Q2 In how many ways can you pass out candy if each child must receive at least one piece?
From Q1 It was shown that there are 3^9 different ways to hand out the candies to three children in general, this is the list of functions from that maps candies to children.
Now we must count how many of those functions are onto, where every child gets at least one candy. This can be viewed as the entire set of possible functions minus the complement of the set where each child gets at least one, which is at least one child gets nothing.
How many possibly functions are there where at least one child gets nothing? In order for that to happen, all the candies must go to the same two children.
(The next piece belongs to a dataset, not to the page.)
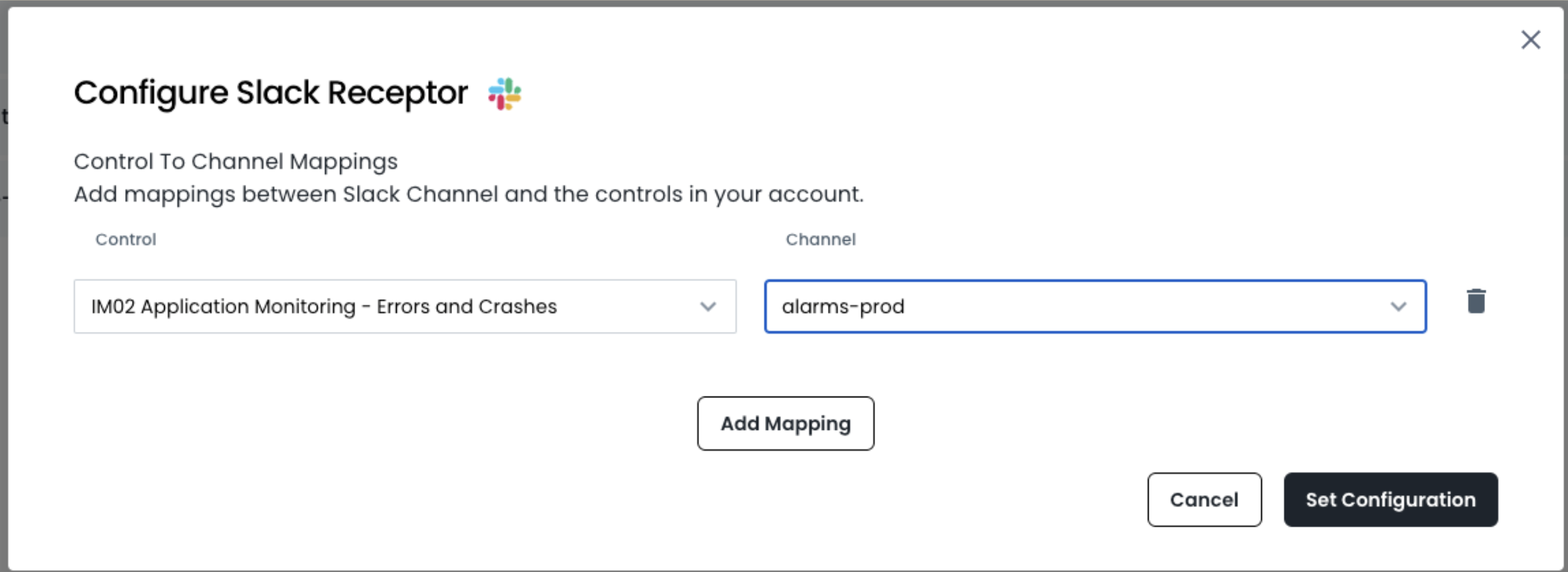 - Map control(s) to channel(s) - Slack receptor config with IM02 mapped to Alarms Channel

Similar to what was done in Q1.
There are two possibilities for the first candy (A or B), it must not go to child C.
2
There are two possibilities for the second candy (A or B), for each of the possibilities for the first candy. It also cannot go to child C.
2∙2
There are two possibilities for the third candy (A or B), for each combination of the first and second. Again, it cannot go to child C.
2∙2∙2
Follow the logical pattern, and you will get
2∙2∙2∙2∙2∙2∙2∙2∙2 = 2^9
There are 2^9 possibilities where children A and B get everything.
There are 2^9 possibilities where children A and C get everything.
There are 2^9 possibilities where children B and C get everything.
So far we see that there are 3∙2^9 possibilities where at least one child gets nothing. The possibility that one child gets everything was also included in the 3∙2^9. In fact, it was included twice. The double counted possibilities must be removed, and we counted each of the three possibilities where one child gets everything twice. We counted A and B get everything, or just A, or just B. We counted A and C get everything, or just A (again), or just C. Finally we counted B and C get everything, or just B (again), or just C (Again).
As you can see we counted A, B, and C twice, so we must subtract three from our complementary set of solutions. The complement Set now looks like:

(3∙2^9-3)

Originally you can note that we were taking the whole set minus the complement of the set that we actually want. The final equation looks like this.

3^9-3∙2^9+3 = 18,150
There are 18,150 different ways to hand out nine candies to three children where each child will get at least one candy


Furthermore it can be shown that the formula for any set of candies and kids where each kid must have one candy is...
K=kids, C=Candy
PK^C-P(K-1)^C+P(K-2)^C-...+P(K-K)^C
There P are the pascal's coefficient on the K+1st tier of the triangle.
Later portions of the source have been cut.